Сван попросил познакомить его со всеми гостями, даже с одним старым другом Вердюренов, Саньетом, который, благодаря своей робости, простодушию и доброте, повсюду лишился уважения, несмотря на то, что его познания в области палеографии, большое состояние и хорошее происхождение давали ему полное право на это уважение. Когда он говорил, во рту у него была каша, но слушать его было приятно, так как чувствовалось, что она является не столько недостатком речи, сколько душевным качеством, чем-то вроде остатка детской невинности, которую он сохранил во всей неприкосновенности. Не произносимые им согласные казались похожими на грубости, которых он не способен был совершить. Прося представить его г-ну Саньету, Сван заставил г-жу Вердюрен нарушить установившийся в доме порядок (так что в ответ та сказала ему, подчеркивая разницу: «Г-н Сван, благоволите разрешить мне представить вам нашего друга Саньета»), но вызвал у Саньета горячую признательность, о чем, впрочем, Вердюрены никогда не сообщили Свану, так как Саньет их немного раздражал и они не поощряли дружеских отношений между ним и их гостями. Но зато Сван чрезвычайно тронул их, сочтя своей обязанностью попросить, чтобы его познакомили вслед за Саньетом с теткой пианиста. Одета она была, как всегда, в черное платье, так как считала, что черный цвет всегда к лицу и одеваться в черное – верх изысканности; зато лицо у нее было багровое, как всегда после еды. Она почтительно поклонилась Свану, но затем снова величественно выпрямилась. Так как она была женщина совсем необразованная и боялась наделать ошибок по части грамматики и произношения, то нарочно произносила слова невнятно, думая, что если совершит какую-нибудь оплошность, то она растворится в окружающих звуках и слушатели не в состоянии будут с уверенностью различить ее; в результате ее речь превращалась в какое-то сплошное отхаркиванье, откуда изредка всплывали звуки и слоги, в которых она чувствовала себя уверенной. Сван подумал, что он вправе немножко подшутить над ней в разговоре с г-ном Вердюреном, но тот, напротив, был этим задет.
– Это превосходная женщина! – ответил он. – Я согласен с вами: она не ослепляет; но, уверяю вас, она бывает обаятельна, когда разговариваешь с нею один на один.

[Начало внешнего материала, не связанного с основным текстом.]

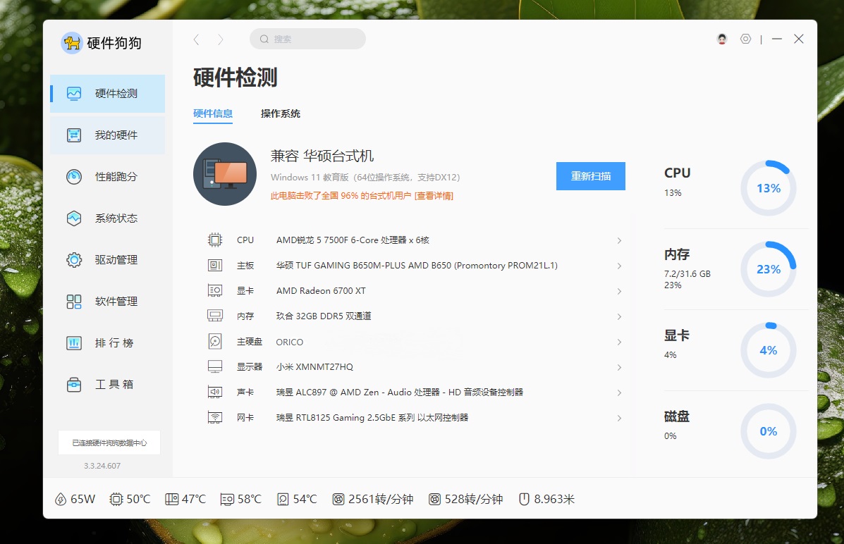 硬件狗狗是简单而专业硬件检测、跑分工具,非常适合主流PC玩家,可以全面检测PC电脑的整体配置,对电脑的处理器、显卡、内存、硬盘进行单项测试。
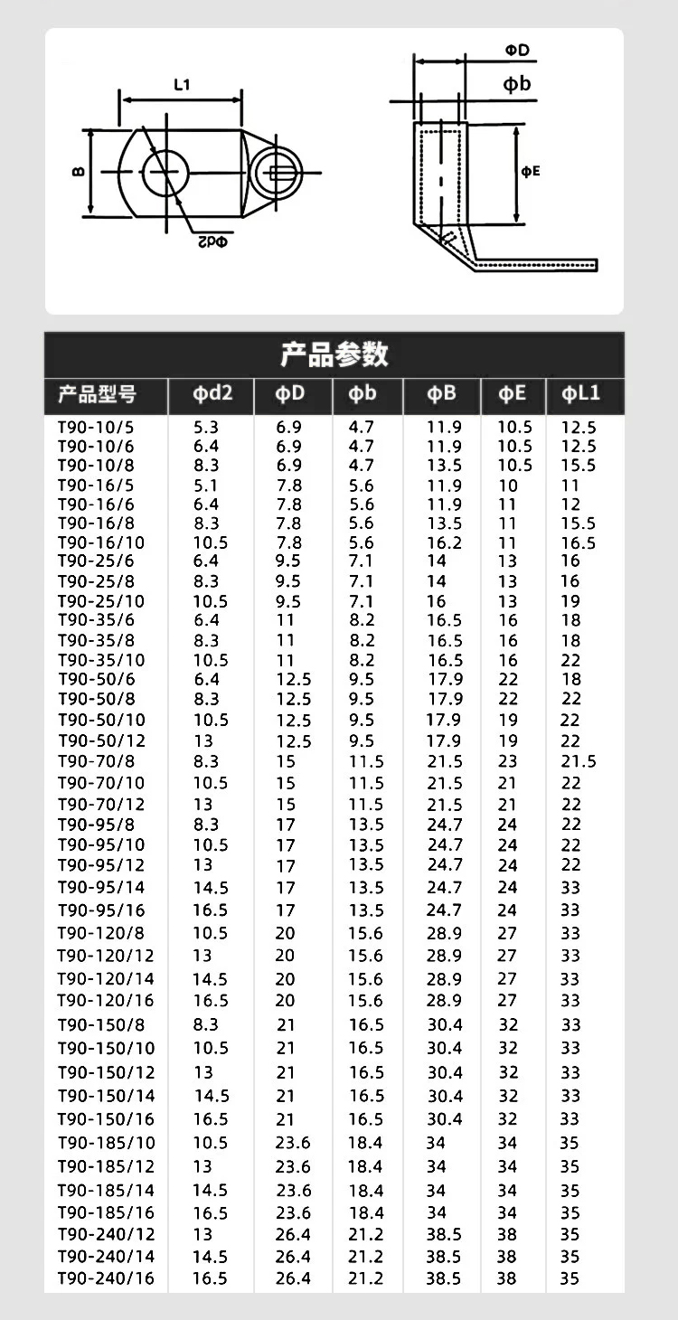 型号 | T90度系列铜管端子 | ||

– Не сомневаюсь в этом, – поспешил успокоить его Сван. – Я хотел сказать только, что она не показалась мне «выдающейся», – прибавил он, как бы ставя этот эпитет в кавычки, – и, в общем, это скорее комплимент!
– Погодите-ка, – сказал Вердюрен, – сейчас я изумлю вас, она пишет очаровательно. Вы никогда не слышали ее племянника? Восхитительно, не правда ли, доктор? Желаете, я попрошу его сыграть что-нибудь, господин Сван?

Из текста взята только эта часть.